Although the place oozes sophistication, it doesn’t make you feel scruffy. Guests come from all over the world, but North Americans appear to dominate during my stay.
The kitchen serves nibbles during early evening drinks, but there’s no proper restaurant. The breakfast buffet is small but very good, with a tasty selection of Italian cheeses, cold meats, breads and eggs. There’s plenty of fruit and healthy smoothies and, this being Italy, an obligatory offering of cakes.
Waking up to a view of the Grand Canal is glorious. And even if you haven’t got a canal-side room, the hotel’s location, in one of Venice’s buzziest districts, is superb.

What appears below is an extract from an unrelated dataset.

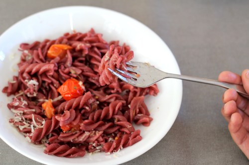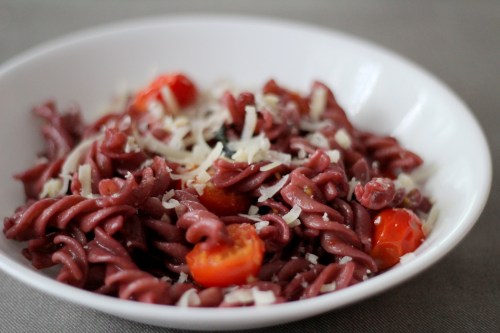 האיטלקים קוראים לפסטה pasta dell'ubriaco כלומר פסטה שיכורה אבל אני טוענת שהיא פשוט מאוהבת. מדובר במנת פסטה אלגנטית ומקסימה בעלת צבע משגע (היות והיא מתבשלת ביין אדום) שתוכלו להכין לארוחת ערב רומנטית או סתם לכיף. במקור מכינים עם רוטב עם חמאה שמן זית שום ופטרוזיליה  אבל אני שילבתי כאן עגבניות שרי ובזיליקום שמוסיפים טעמים (לפסטה עצמה יש טעם עדין מאד).

Stylish as my room is, its dark interior leaves me groping around in the gloom at times. Conversely, when sunshine pours in through the windows, the effect is blinding because of the overly dark walls. The minibar must have been designed to go into a cupboard, because it has a light that never goes out – annoying when you’re trying to sleep.
A classy hotel in a great location near all the big sights, but removed from the tourist hordes.
The bottom line
Double rooms at the Hotel L'Orologio (www.hotelorologiovenezia.com) cost from €200 (Dh826) per night, including breakfast.
This review was done at the invitation of the hotel.